At Amber Lake, Junior dove head first into preparing young horses for the breeding classes. One of his most cherished keepsakes is the ribbon he collected in his first Devon win. He keeps it neatly framed with a photo of himself and Secret Blade, who won the non-Thoroughbred 3-year-old class in 1994.
“That was a favorite. It was something that I had wanted to do,” he said. “It started building and going forward from then.”
Over the years, Junior’s noticed the shift in breeding classes from Thoroughbreds to warmbloods, and he laments the lack of entries in the Thoroughbred classes. Yet, he doesn’t prefer one more than the other.
“I like both; I’ve been successful with both,” he said.
He thinks the shift stems more from laziness than actual quality. “A lot of people just have one breed, and that’s the warmblood. But a Thoroughbred horse is just as good,” he said. “People don’t give them a chance anymore. They don’t want to work at it. They would rather go to Europe and get those horses already going.”
Junior worked for Reed until he and Pitts started their own business in 2006. They became friends in the 1970s when Junior was still working for Rowe, and Pitts groomed for Joan Boyce. She went on to groom for Conrad Homfeld for several years before leaving the equine industry.
In 2004, Pitts started helping Junior at horse shows as a way to get back into the hands-on care.
“My passion has always been taking care of horses,” Pitts said.
The Perfect Business Arc
Unlike trainers who see the in-hand classes as the end game, Junior looks at them as the starting line for young horses.
“A lot of them, once they finish their 3-year-old year, you never see them again. A lot of [people] don’t realize [they] go do different things,” Junior said. “They might go do dressage; they might be jumpers that we don’t hear about. [Some] get hurt, and you don’t hear nothing about it. A lot them show at the little one-day shows and stuff like that.”
After the horses graduate from hunter breeding, Clem Clements breaks them, and Meg Graham shows them under saddle.
The spacious barn aisles at Junior Johnson Training and Sales are quiet. Junior and Pitts don’t take boarders. Walk in and the only sound you’re likely to hear is the soft munching of hay and the occasional snort or sigh of a contented young horse.
“I do all the grooming, all the mane pulling, braiding, trimming. Junior, he trains them,” said Pitts. “Junior’s not a kissy-face, lovey type of guy. He loves the horses and respects them. I’m the one who makes them into nice pets.
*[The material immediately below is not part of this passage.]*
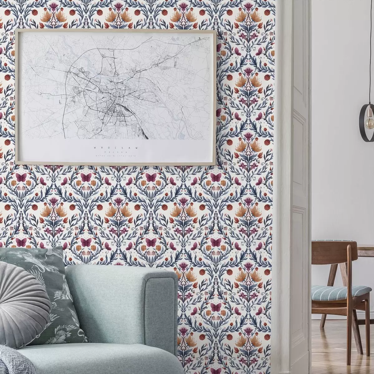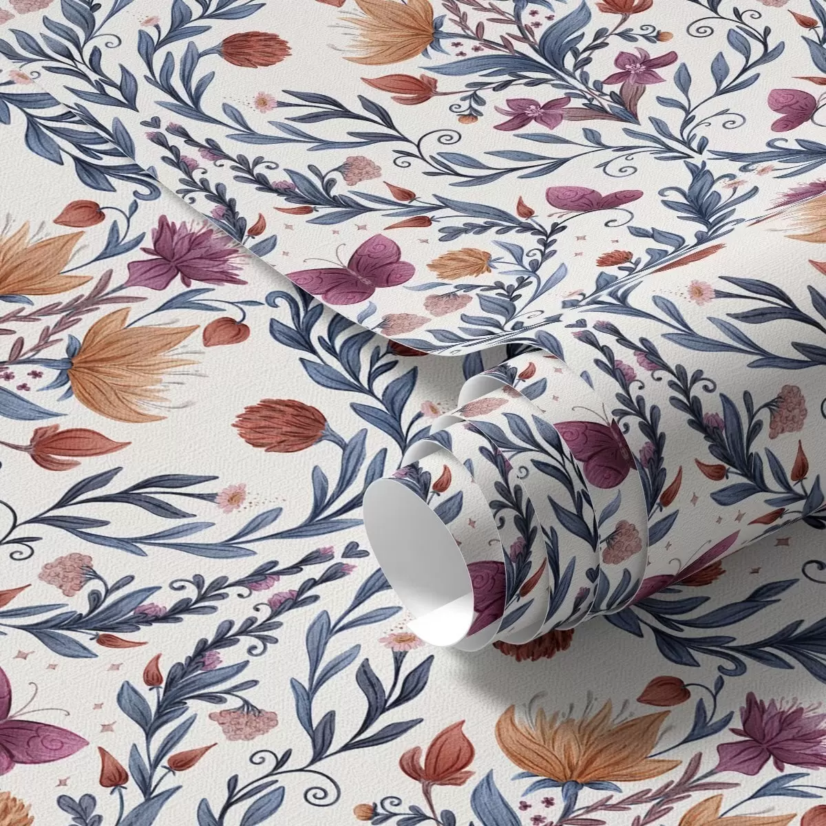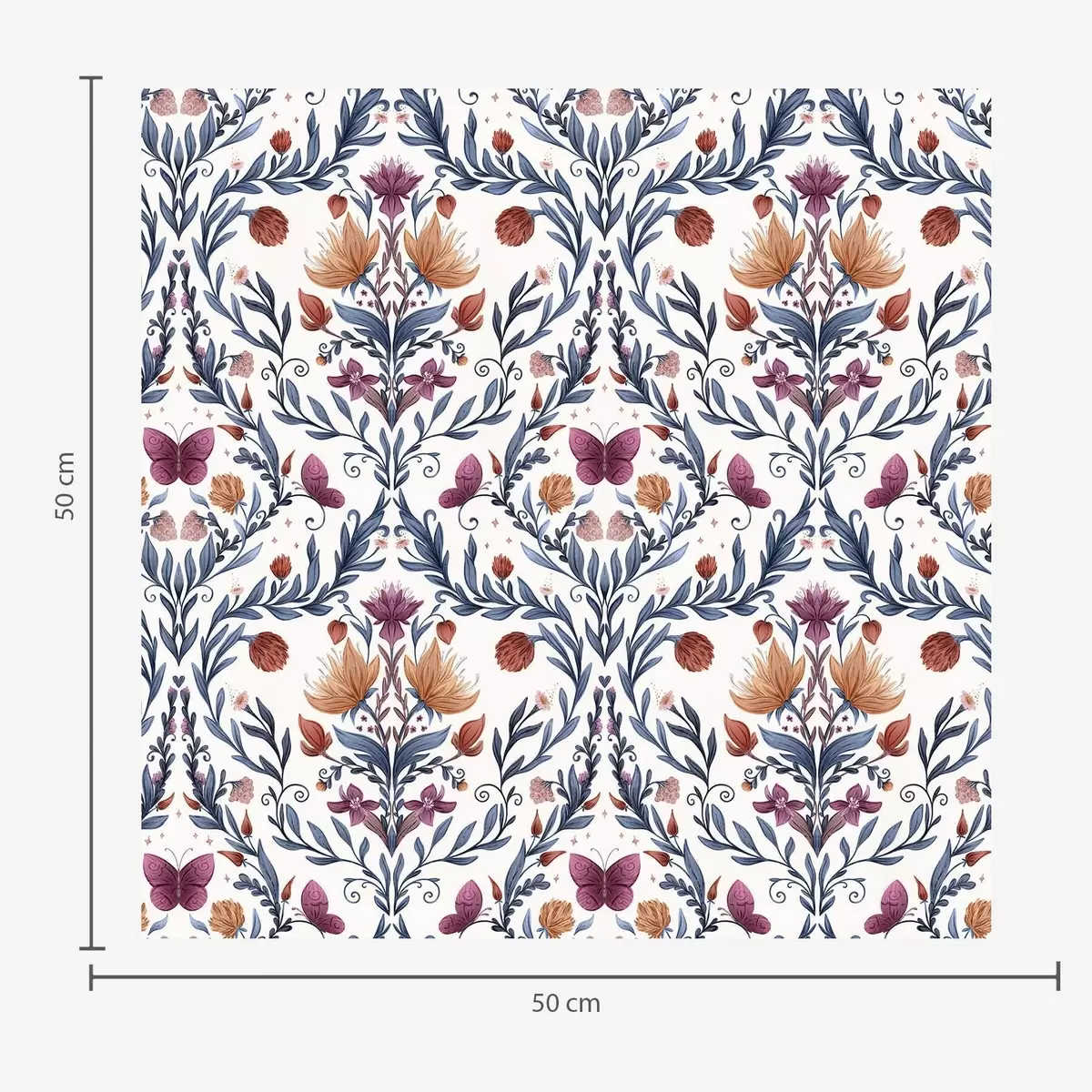 Tapet Blomstermønster med sommerfugler på varm kremfarge Nr. a00926v2

“We have a dust up every now and then, usually because either he’s telling me how to do my job, or I’m telling him how to do his job,” Pitts joked. “Once they’re trained, once they learn what he tells them—that they need to stand still and they need to stop a certain way—we don’t drill them. Their practice is in the show ring.”
While Junior is best known for his accomplishments on the line, he and Pitts are trying to grow the performance side of their business.
“Our greatest joy is taking them from showing in-hand, then breaking them, starting them over fences, and then taking them to their first horse show,” said Pitts. “To us, that’s the perfect arc for our business. Having said that, we unfortunately don’t get a lot of that.”
Instead, babies often go home with their owners during the off-season, leaving the barn light on clients. “People don’t know that I do train horses,” Junior said.
A Family Tradition
Horse fever seems to run in the Johnson blood, and every summer a member of the newest generation of Johnson horsemen joins the team.